# Turning a wooden cabinet into a terrerium/vivarium



## Open_cages (Jan 26, 2013)

Title says it all. I have a wooden cabinet that I would like to waterproof and plant. I don't think that I will put any animals in it, but you never know.

How would I accomplish this cheaply? It is at most 4' tall, 3' long, and 1.5' wide. I'll get exact measurements tomorrow, along with better pictures. 

Also, the glass on the front is not watertight but looks nice ie it has decorations in the glass. How should I go about fitting and modifying it?

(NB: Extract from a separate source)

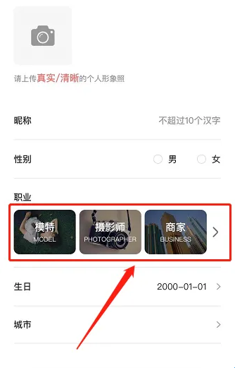 2、进入注册界面后,完善对应信息,职业栏中如果没有自己想要的职业,可点击小三角进入更多职业选择,如图;

notice what it is made of.









Sorry about the bad picture quality.
I'll take better ones tomorrow!! It is dark outside and is too heavy to move right now.


----------



## kev_n_gina (Jan 21, 2013)

SO I will NEVER be the guy to discourage a project, BUT

First let me start off by saying there a countless articals about building your own wood fishtanks with multiple ways of sealing. I can recall seeing everything form pond liners to specialized paints. I used polyurathane to water proof the inside of a reptile enclosure a few times with good success. 

HOWEVER

From what we can get out of the picture and what you have told us, White wood cabinet which is heavy, I deduce that the cabinet is one of the newer painted partical wood. If that is the case I caution that there will be tons of prep work that needs to be done. Partical wood has zero tolerance to moisture and the white coating will prevent most stuff from sticking to it but is far from water proof.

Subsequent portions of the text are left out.